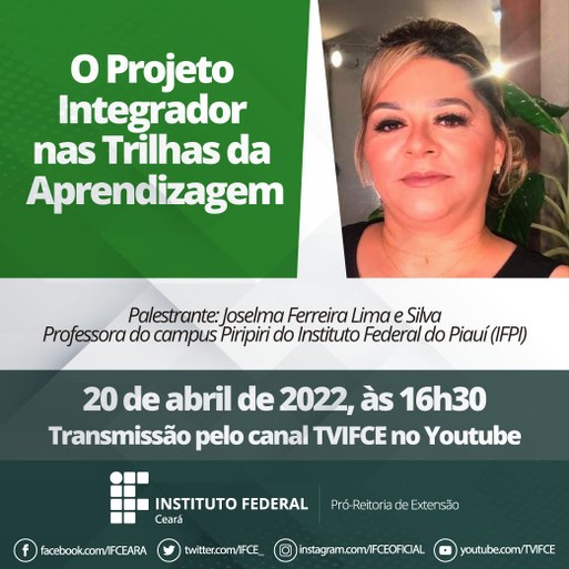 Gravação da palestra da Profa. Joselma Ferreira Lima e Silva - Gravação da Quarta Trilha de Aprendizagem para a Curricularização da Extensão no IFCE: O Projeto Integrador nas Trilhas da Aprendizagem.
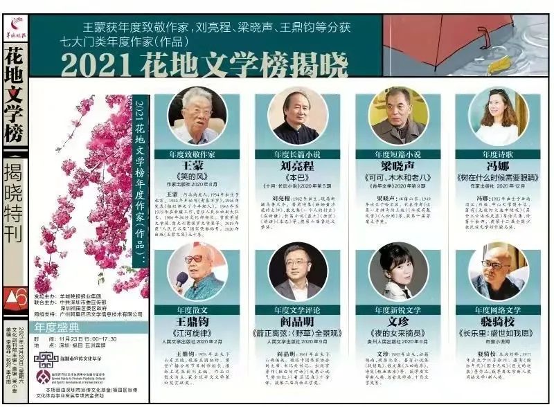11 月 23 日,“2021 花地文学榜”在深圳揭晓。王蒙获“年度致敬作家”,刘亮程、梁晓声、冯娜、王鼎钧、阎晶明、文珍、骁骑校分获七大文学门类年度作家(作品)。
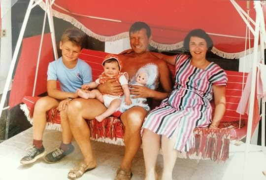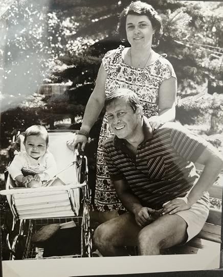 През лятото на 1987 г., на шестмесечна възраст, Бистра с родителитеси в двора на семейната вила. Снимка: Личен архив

▸ **TO DO**:
I'd like the data above duplicated exactly, with no pictures included.

▸ **ANSWER TO THE EXERCISE**:
 Gravação da palestra da Profa. Joselma Ferreira Lima e Silva - Gravação da Quarta Trilha de Aprendizagem para a Curricularização da Extensão no IFCE: O Projeto Integrador nas Trilhas da Aprendizagem.
11 月 23 日,“2021 花地文学榜”在深圳揭晓。王蒙获“年度致敬作家”,刘亮程、梁晓声、冯娜、王鼎钧、阎晶明、文珍、骁骑校分获七大文学门类年度作家(作品)。
 През лятото на 1987 г., на шестмесечна възраст, Бистра с родителитеси в двора на семейната вила. Снимка: Личен архив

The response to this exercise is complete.